West Ham travelled to the Midlands on Saturday lunchtime knowing that a place in the quarter-finals of arguably the most open FA Cup was up for grabs against West Bromwich Albion. With Albion improving under Tony Pulis but still languishing in the lower reaches of the Premier League, in contrast with Sam Allardyce’s side residing in the comfort of upper mid-table, this presented a good chance to take a further step towards ending a wait for a trophy that has now lasted 35 years.

A few hours later and owner David Gold and goalkeeper Adrian were leading the apologies after the Hammers suffered a 4-0 defeat at the hands of the Baggies, a loss further marred by the dismissal of Morgan Amalfitano, in which the away side were insipid. Using Twitter to air their views, Gold would post “I feel sorry for myself but most of all I feel sorry for the thousands of travelling West Ham fans” while Adrian would call the performance shameful”. The Spaniard also said sorry and added “now we need to be united and fight in Premier League.”

It is in the Premier League where West Ham are on course for their highest finish since 2002. Currently lying in 8th place and 4 points off Liverpool while enjoying the same margin over Swansea below them. Their only defeats in their last 13 games have come against Liverpool, Arsenal and Chelsea though momentum has dried up somewhat as the 3-0 win over Hull is their only victory in the last 8 games.

As Allardyce said, the dire showing at the Hawthorns on Saturday could have been a result of recent exertions in matches against Manchester United and Southampton in which they matched and gained draws against teams positioned in 3rd and 4th in the league.

The trip to St Mary’s on Wednesday would have tolled heavily after Adrian was sent off before they lost Andy Carroll to injury- which caused them to finish the game with nine men. “I would say it (the defeat) was probably coming based on what we’ve had to cope with over the last few weeks” said Allardyce, “there was not the energy we know they’ve got based on all they’ve done in the last few weeks.”

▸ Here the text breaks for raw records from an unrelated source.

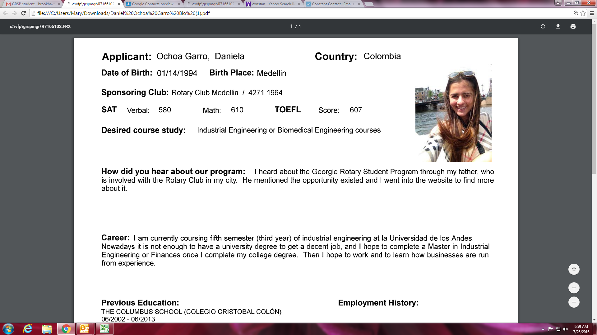 Daniella Ochoa Garro attended Ogelthorpe University and was sponsored by the Rotary Clubs of Brookhaven, North Atlanta and Tucker.
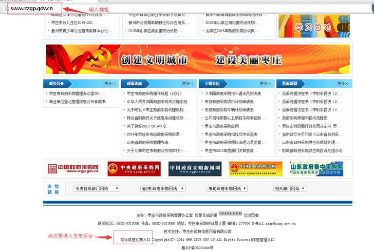 1、 登陸棗莊市政府采購(gòu)網(wǎng)地址:http://www.zzgp.gov.cn/ 拉到網(wǎng)頁(yè)下邊:
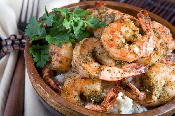 Mound rice in individual bowls. Top with shrimp, garnish with cilantro and enjoy.

Allardyce’s task now will be to re-summon the motivation for his team to avoid having a promising season fizzle out into mediocrity. It will be pleasing to the manager that with 13 games left the Hammers are only just 2 points short of their entire total of 40 they managed last season, and that the calls for Gold and his co-owner David Sullivan to sack Allardyce that grew so loud last season have now been muted.

The 60 year old’s contract is due to expire at the end of this campaign and Sullivan has already voiced his concern that Allardyce may walk away from the club as the owners stick rigidly to their policy of not negotiating with managers until the end of the season.

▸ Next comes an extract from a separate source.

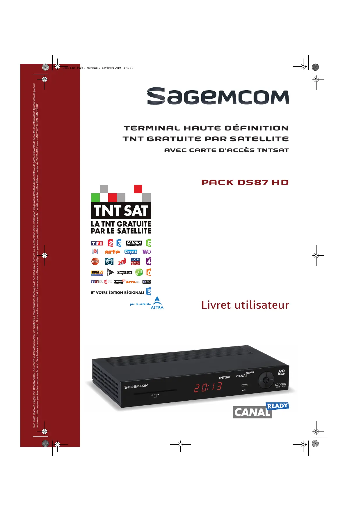 Toutes nos félicitations ! Le pack satellite TNTSAT de Sagemcom est dédié à la réception des chaînes de la TNT disponibles par satellite avec TNTSAT et vous permet de recevoir les émissions en définition standard et en haute définition. Il est composé d'un terminal de réception numérique haute définition et d’une carte d'accès. Pour bénéficier, avec ce pack DS87 HD, de la qualité d'image Haute Définition, il est nécessaire d'être équipé d'un téléviseur à écran plat avec connecteur HDMITM. HDMI (High Definition Multimedia Interface) désigne une interface de connection de Haute Qualité, permettant le transport de vidéo Haute Définition et de son multicanaux en numérique. La qualité d'image restituée sur l'écran sera en Haute Définition pour autant que votre téléviseur soit prêt pour la Haute Définition, que vous ayez utilisé un cordon HDMITM pour relier le terminal de réception DS87 HD et votre écran, et que l'émission regardée soit effectivement diffusée en Haute Définition. Votre revendeur peut vous aider à vérifier que votre écran est prêt pour la HD. Dès le raccordement de votre terminal de réception, vous pouvez profiter de la totalité des services. Vous pouvez mettre à jour votre terminal de réception si de nouveaux services deviennent disponibles. Le terminal de réception Sagemcom suit une stratégie de développement continu. Nous nous réservons donc le droit d'apporter, sans préavis, des modifications et améliorations au produit décrit dans ce livret utilisateur. Marquage CE : Le marquage CE atteste de la conformité des produits aux exigences essentielles de la directive R&TTE 1999/5/CE relative aux équipements hertziens et de télécommunication, ainsi qu'aux directives 2006/95/CE sur la sécurité, 2004/108/CE concernant la compatibilité électromagnétique et ErP 2009/125/CE relative aux exigences d’écoconception, définies par le Parlement européen et le Conseil afin de minimiser les interférences électromagnétiques, assurer la sécurité des utilisateurs et de leurs biens ainsi que préserver leur santé, et réduire l'impact des produits sur l'environnement. En outre, ce marquage certifie aussi la conformité du produit aux normes harmonisées suivantes : EN60065, EN55013, EN55020, EN61000-3-2, EN61000-3-3, EN62311. La déclaration de conformité CE peut être consultée sur le site www.sagemcom.com de Sagemcom, dans la section support, ou obtenue à l'adresse suivante : Sagemcom Broadband SAS - Service des relations clientèle 250, route de l’Empereur 92848 Rueil-Malmaison Cedex - FRANCE Copyright © Sagemcom Broadband SAS Tous droits réservés. Sagemcom est une marque déposée. Ce terminal de réception Haute Définition Sagemcom répond aux spécifications "HD TV", et intègre la technologie HDMITM. Le logo "HD TV" est une marque de l'EICTA. HDMI, le logo HDMI et High-Definition Multimedia Interface sont des marques ou des marques déposées de HDMI Licensing LLC. Fabriqué sous Licence de Dolby Laboratories. Le terme "Dolby" et le sigle double D sont des marques commerciales de Dolby Laboratories. Le logo TNTSAT est une marque sous licence GROUPE CANAL+ ou de ses filiales. Le label CANAL READY indique que le terminal peut recevoir LES CHAÎNES CANAL+ ou CANALSAT, en souscrivant l'abonnement correspondant. Vous trouverez sur le site www.tntsat.tv toutes les informations utiles sur le service TNTSAT ainsi que de nombreuses informations sur la TNT par satellite. Vous trouverez sur le site www.canalready.fr toutes les offres commerciales sur LES CHAÎNES CANAL+ ou CANALSAT.

If he chooses to go, it is likely to be on his own terms after fulfilling the remit he was given last summer of playing more attractive football and achieving “progression on the pitch” after staving off the sack in May. A top-ten finish was another objective but barring a drastic decline in form in the remainder of the season, that should be satisfactorily placated. With many clubs choosing so often to head down the route of replacing the manager, Gold and Sullivan opted for the refreshing approach of altering the coaching set-up, a new attacking coach was appointed in the form of Teddy Sheringham, and they are now being rewarded for it.

The West Ham board would permit Allardyce to spend generously to form a squad capable of pleasing those targets and an outlay of nearly £30 million would dwarf the £3.8 million they would recoup on the sale of Mohamed Diame to Hull City. The decision to bring in Mauro Zarate, already deemed “not good enough” and sent on loan to QPR after just 6 months, was badly misguided but the list of other incomings makes for very pleasant reading.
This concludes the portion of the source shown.